Однако, как ни нравилась Чернякову Елизавета Павловна, он понимал, что на заказ было бы трудно придумать менее подходящую для него жену. «Конечно, с годами дурь с нее соскочит. Она просто слишком энергична и деятельна, я не верю в серьезность ее радикальных убеждений. Все это нынешнее поветрие, влияние тех молодых людей, которых я выживу из дому. Но это „с годами“, а если делать предложение, то надо бы сделать его сейчас. Между тем ее тон, ее барские замашки, возможные сюрпризы…»
— Так что же вы думаете, господа, о замене Николая Николаевича Тотлебеном? — спросил Павел Васильевич. Черняков вздохнул и высказал свое мнение; оно, впрочем, не отличалось от мнения половины других профессоров. Доктор Петр Алексеевич пожал плечами. Назначение Тотлебена совершенно его не интересовало. Разговор ненадолго остановился.
— Ну, мы как, Машенька, как живем? — спросил Черняков. — Ах да, Коля очень просил вам кланяться. — Маша вспыхнула. Она от всего краснела. Это (и еще ее заиканье, впрочем, очень легкое) было крестом ее жизни. — Коля мой племянник, а ныне волей судеб и мой воспитанник, — пояснил Михаил Яковлевич Муравьеву.
— Да, конечно, сын вашей сестры. Мы встречались в Эмсе. Ведь ваши тоже, как мы, каждое лето ездят на воды за границу?
— Да, из-за Юрия Павловича. Сестре, слава Богу, лечиться не приходится: мы, Черняковы, здоровая порода. А вот Юрий Павлович уже три года болеет.
— Надеюсь, ничего серьезного?
— Серьезного, кажется, ничего, — нехотя подтвердил Михаил Яковлевич. Он накануне получил от сестры письмо; Софья Яковлевна сообщала, что болезнь ее мужа довольно опасна, и просила не говорить об этом Коле. Черняков, читая, подумал, что едва ли это сообщение очень Колю взволновало бы: он не любил отца и почти не скрывал этого от дяди. — Но нужны какие-то затяжные исследования, Юрий Павлович лежит в лечебнице. Вероятно, они там пробудут до июля, как это следует из письма, лишь вчера мною от сестры полученного. Колю же они, уезжая, оставили на моем попечении. Вследствие этого не совсем для меня удобного обстоятельства я временно переехал в их дом.

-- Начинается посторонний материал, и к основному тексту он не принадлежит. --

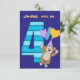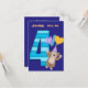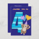 Este es un colorido diseño de invitación para fiestas de cumpleaños, con una imagen azul y verde azulada de rayas número cuatro, y un mono marrón lindo en un gorra de cumpleaños y sosteniendo globos delante de él. La parte superior de la invitación dice (Nombre) será (cuatro). La imagen y el texto se colocan sobre un fondo morado brillante. La parte posterior de la tarjeta es de color púrpura, con la información de su fiesta en blanco. ¡Maravilloso para la fiesta de cuarto cumpleaños de tu hijo! *Gracias a Real Deal Clipart por el cliente usado para crear este diseño.
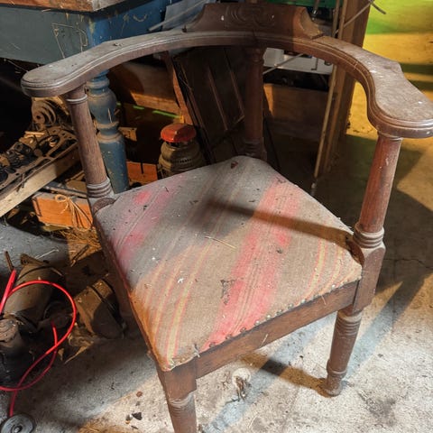 Træstol med armlæn i klassisk design fra slut 1800 til først 1900 tallet

— Как же вы… воспитываете Колю? — спросила Маша, опять покрасневшая оттого, что запнулась.
— Ну, работы у меня с ним мало. Учится он прекрасно, первый в классе, ведет себя тоже недурно, и целые дни читает. Этот мальчишка уже знает больше, чем я! Но зато какая самоуверенность!
— У кого это самоуверенность? — спросила снова вернувшаяся Елизавета Павловна. — Ах, у Коли. Это хорошо, я люблю самоуверенность в мужчинах. Только не хвалите его при Маше, она и так, кажется, в него влюблена.
— Какой вздор! Ни в кого я не влюблена!
— Я тоже нет, сестра моя, и это очень печально.
— Нисколько не влюблена, а только мы играем вместе в теннис. Он отлично играет.
— Коля все делает отлично.
— Как это скучно, особенно в мальчике, — сказала Елизавета Павловна.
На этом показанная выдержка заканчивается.